Start of Source records

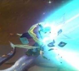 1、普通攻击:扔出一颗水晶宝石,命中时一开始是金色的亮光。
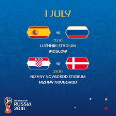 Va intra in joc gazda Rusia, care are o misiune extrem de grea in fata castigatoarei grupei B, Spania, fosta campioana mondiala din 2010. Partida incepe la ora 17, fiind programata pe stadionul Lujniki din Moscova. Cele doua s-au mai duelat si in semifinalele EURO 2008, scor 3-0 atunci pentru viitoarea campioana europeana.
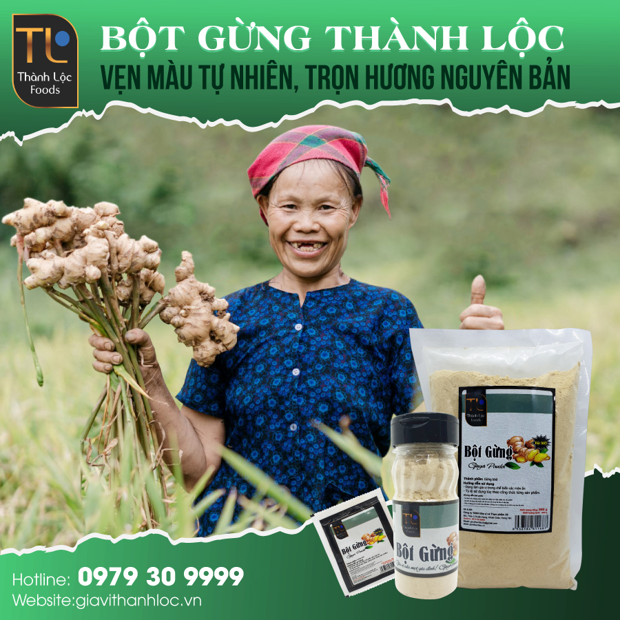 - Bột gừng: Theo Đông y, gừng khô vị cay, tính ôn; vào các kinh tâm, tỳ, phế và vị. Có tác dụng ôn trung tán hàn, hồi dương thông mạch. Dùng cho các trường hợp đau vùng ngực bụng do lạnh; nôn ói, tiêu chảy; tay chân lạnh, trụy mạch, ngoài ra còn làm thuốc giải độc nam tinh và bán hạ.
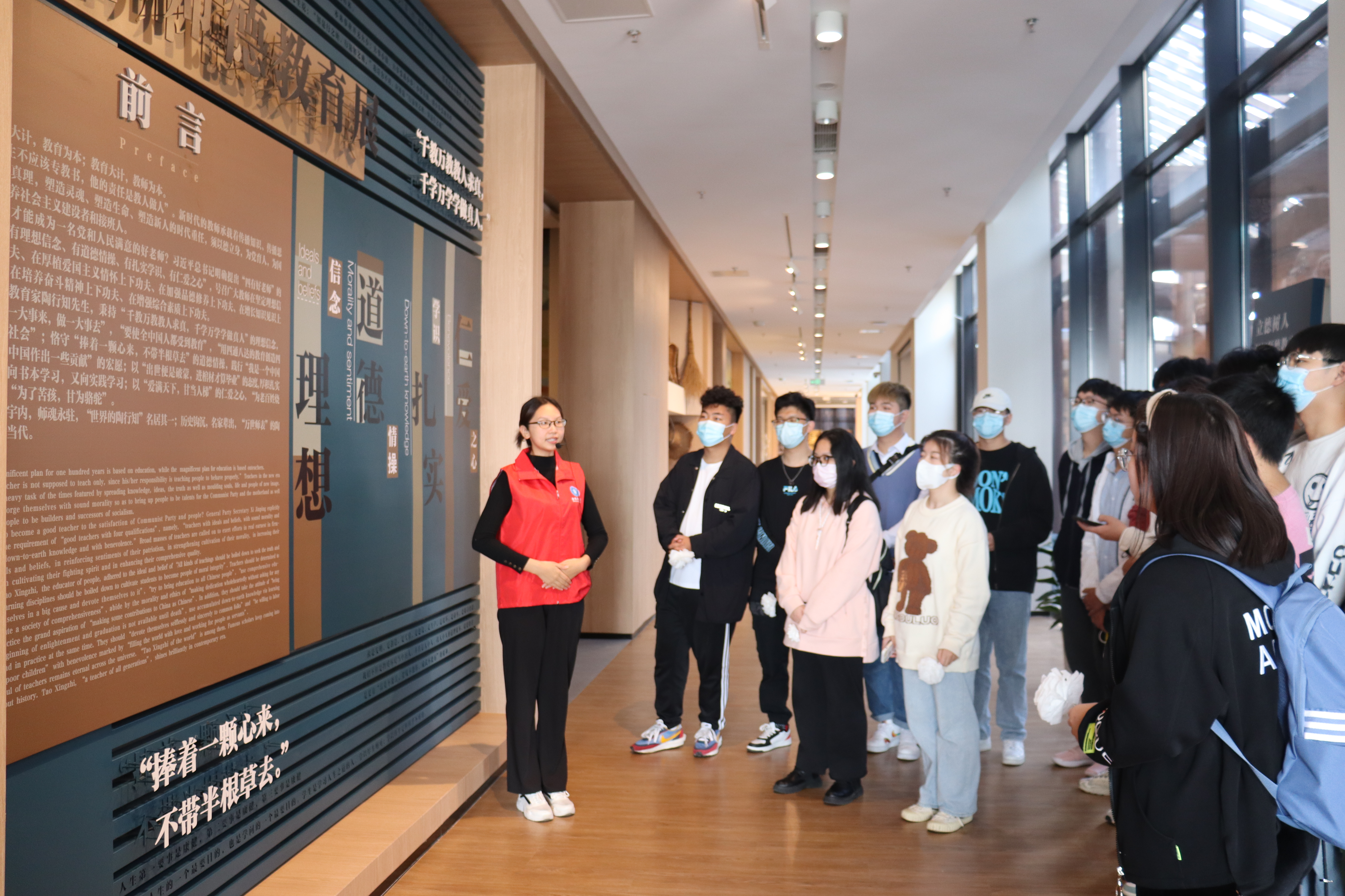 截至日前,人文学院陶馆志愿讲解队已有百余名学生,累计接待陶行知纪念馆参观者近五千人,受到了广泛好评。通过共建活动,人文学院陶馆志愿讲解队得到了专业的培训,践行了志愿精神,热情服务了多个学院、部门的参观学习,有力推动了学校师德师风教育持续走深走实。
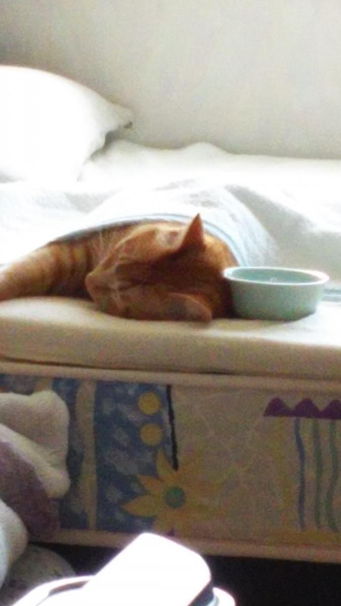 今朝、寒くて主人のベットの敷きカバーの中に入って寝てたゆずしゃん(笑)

End of Source records

The answer is the lines above from the one with "- Bột gừng: Theo" to the one with "截至日前,人文学院陶馆志愿讲", set down exactly, with no pictures.

- Answer space -
 - Bột gừng: Theo Đông y, gừng khô vị cay, tính ôn; vào các kinh tâm, tỳ, phế và vị. Có tác dụng ôn trung tán hàn, hồi dương thông mạch. Dùng cho các trường hợp đau vùng ngực bụng do lạnh; nôn ói, tiêu chảy; tay chân lạnh, trụy mạch, ngoài ra còn làm thuốc giải độc nam tinh và bán hạ.
 截至日前,人文学院陶馆志愿讲解队已有百余名学生,累计接待陶行知纪念馆参观者近五千人,受到了广泛好评。通过共建活动,人文学院陶馆志愿讲解队得到了专业的培训,践行了志愿精神,热情服务了多个学院、部门的参观学习,有力推动了学校师德师风教育持续走深走实。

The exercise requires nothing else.